Woa, I got mail today and it was ..... my ordered flute! :wub: Yes I want to study the flute a bit, so I bought one. I was really excited taking it to my hands firstly! It lies good in hands, and the fingerings are similiar in many matters to the recorder's ones (as I can play them, it is not too difficult), some are rather different, yes, but main structure of fingering is easy to learn. The most difficult is the blow technique! Maybe you can give me some tips, baroque_flute? 

I don't want to get a flutist or something, it is just for my pleasure and then I learn more about the technique. I will buy me a clarinet in about half a year I hope.


----------



## baroque flute

A new flute? Congratulations!  
Yes, the blowing is the hardest thing about the flute. Here is a link that might be helpful:
http://www.markshep.com/flute/index.html#FAQ

I started by making a low "G". It is probably the easiest note to make a good sound on, with low "F" and "A" being next. (The lowest octave on the flute).

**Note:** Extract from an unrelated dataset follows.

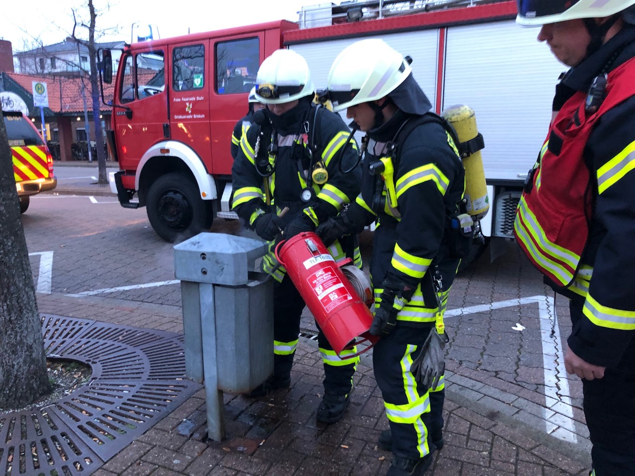 Brinkum-(cm). Am Mittwochnachmittag um 16:09 Uhr wurde die Feuerwehr Brinkum zu einem Brandeinsatz gerufen. An einer Haltestelle des Brinkumer ZOB, brannte der Inhalt einer Blechmülltonne. Das Feuer wurde durch den Angriffstrupp des Brinkumer Tanklöschfahrzeuges mit Hilfe eines Kleinlöschgerätes abgelöscht. Nach 20 Minuten war der Einsatz abgearbeitet.

Let me know if you have more questions.


----------



## 009

> *Yes I want to study the flute a bit, so I bought one. *


I remembered this was one of the many things I wanted to learn years ago... :lol: 
Let us know how it goes. :lol: Happy experimenting!


----------



## Quaverion

I also wanted, once, to study flute. I bought one from my next door neighbor and never took it out.


----------



## Nox

...Congrats!!! You'll luv the flute...

My daughter is putting the flute on the backburner to pursue the oboe...but she doesn't want to give it up completely...so I suggested she play all her oboe music on the flute as well...just so she doesn't loose too much ground while she focuses on the oboe...


----------



## becky

Congratulations on getting your flute. That was an instrument I was interested in once upon a time. I never managed to get any noise out of one until I was 19 and blew for a very long time.


----------



## Daniel

Thank you all ...after the first two days, I must say, I can play 2 octaves now and they sound ok. (I hope ). I will take some violin repertoire and exercises also for flute (of course not too low one), so I will have additional stuff, and I will get a book soon. Now just exprimentating, and it is really really wounderful. The tone is so special and personal.

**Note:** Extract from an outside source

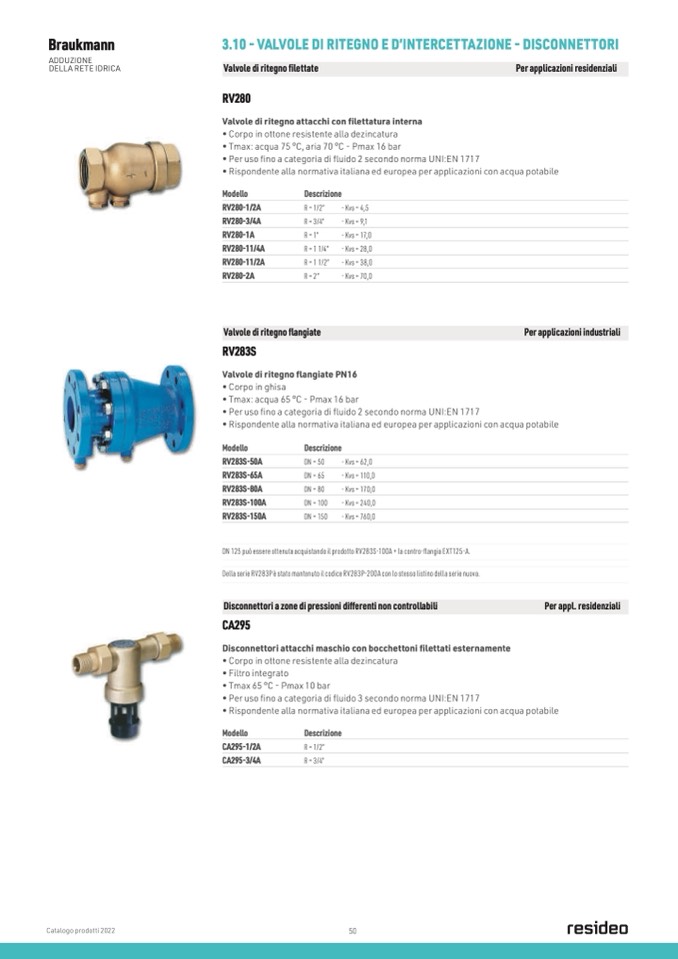 • Per uso fino a categoria di fluido 3 secondo norma UNI:EN 1717

@baroque: thanks for the tips, and the great link, and be sure, I will bother you with asking in future!


----------



## 009

> *@baroque: thanks for the tips, and the great link, and be sure, I will bother you with asking in future! *


I'm glad u ask questions...I can make use of the chance and learn as well. It's interesting reading those QandA in this forum. So, Daniel...keep asking :lol: and Baroque, keep answering!!! :lol: 
Never too old to learn! :lol:


----------



## Daniel

Got the book today, will let you know my progesses...but now I am too tired to write or practise anything...


----------



## Nox

What flute did you buy (brand?).


----------



## Daniel

Not a great marque, because I don't have that much money  ...my budget is really limited.


----------



## Nox

Did you look at used ones? My daughter's student flute was only $250 (it was built in the 1970s...)...and we were lucky...a very nice student instrument ...still in great shape...


----------



## 009

Hey Daniel , what song you'll like to play most on yr flute?
If I can play effortlessly on the flute, I'll like to learn Binderie.


----------



## Nox

...heh...love Bach's Badinerie :wub:...I have a violin version (only Grade 3-4 - so easily managable)...my teacher loves it too...it's our main focus at the moment...(and the Seitz...)...

...so now that I have all the notes memorized...we're working on fingerings and bowings...and once I get that figured out...we'll work on getting it to play to speed...I love Lara St. John's version of it (Re:Bach)...

...yes Daniel...you should try it...


----------



## Daniel

I would have answered also Badinerie....it is only awesome....and I even tried it how far I can remember it from brain! I have the score though...but where...hm....I must find it.

Other pieces I would love to play: C.P.E. Bach's flute concertos!


----------



## 009

And also Bach's sicilienna for flute and harpsichord. That is also really lovely.


----------